他看了那把搖椅很久,又看了大寶的小拳頭很久,那隻拳頭把裴念安睡衣的領口往下扯了兩厘米,棉布的褶皺里嵌著一小截指甲的弧形壓痕。
「他夢見了什麼?」
裴念安的手指在大寶的發旋上停了一拍。
「不確定,可能是很小的時候的一些片段。」
陸嶼珩沒有追問。
走廊里空調的低頻聲填滿了兩個人之間沉默的縫隙,搖椅輕輕盪了一下,大寶的呼吸勻勻的打在裴念安的鎖骨上。

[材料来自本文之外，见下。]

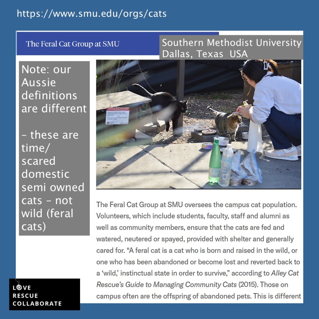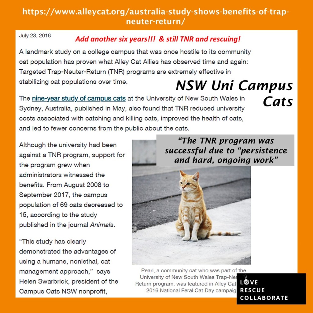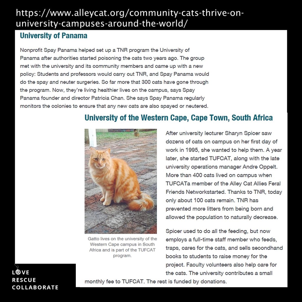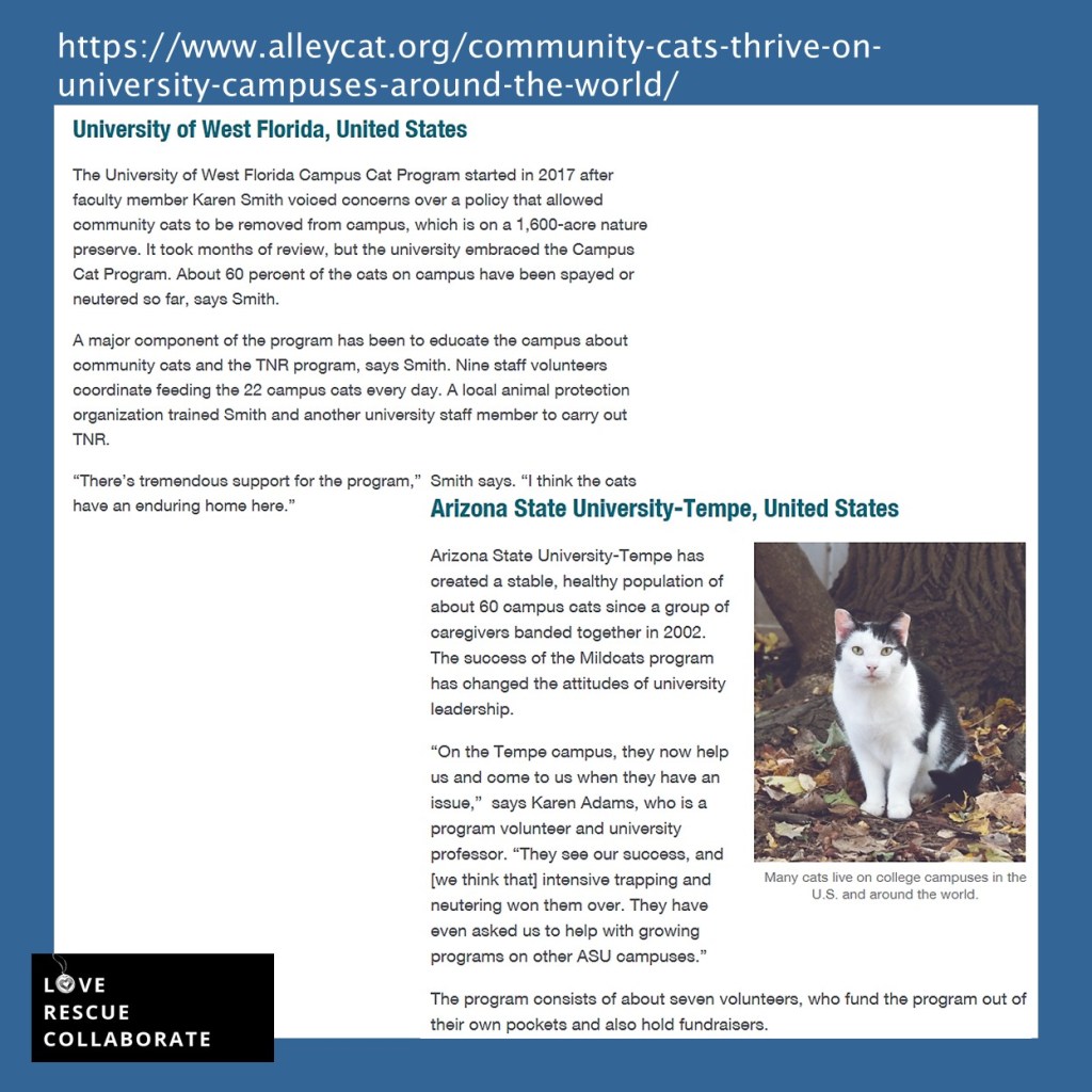 LRC are building up references to examples of cat colonies being maintained on university campuses – from NSW Australia running a program for well over 10 years, through USA and other countries. This “model” works well on private campus grounds where cats may roam, an understanding private organisation, and with kind young volunteers helping out.

陸嶼珩的聲音從門口那個位置傳過來,比剛才又輕了一層。
「你眼角濕了。」
裴念安的手指在大寶的頭髮里微微收了一下。
她沒有擦。
「沒事,有的夢小孩子說不出來,只能用哭的,對大人來說心疼一點是正常的。」
陸嶼珩靠在門框上,整個人的重心一點一點地卸在了那根木頭上面。
他的手指在門框的稜角上磨了兩下。
「裴小姐。」
「嗯?」
「以後他再做噩夢,不用一個人扛。」
裴念安抬頭看了他一眼。
走廊的夜燈從他的身後打過來,把他整個人勾了一圈昏黃的輪廓,五官埋在暗處看不太清,但嘴唇的弧線是緊的,不是冷的那種緊,是有話咽回去了的那種緊。
她低下頭,嘴角彎了一個很淺的弧度。
「好。」
大寶的呼吸綿長而平穩,小拳頭在她的領口緩緩鬆了半寸,但指尖依舊勾著那塊布料,像是在夢裡跟什麼人簽了一份不可撤銷的合約。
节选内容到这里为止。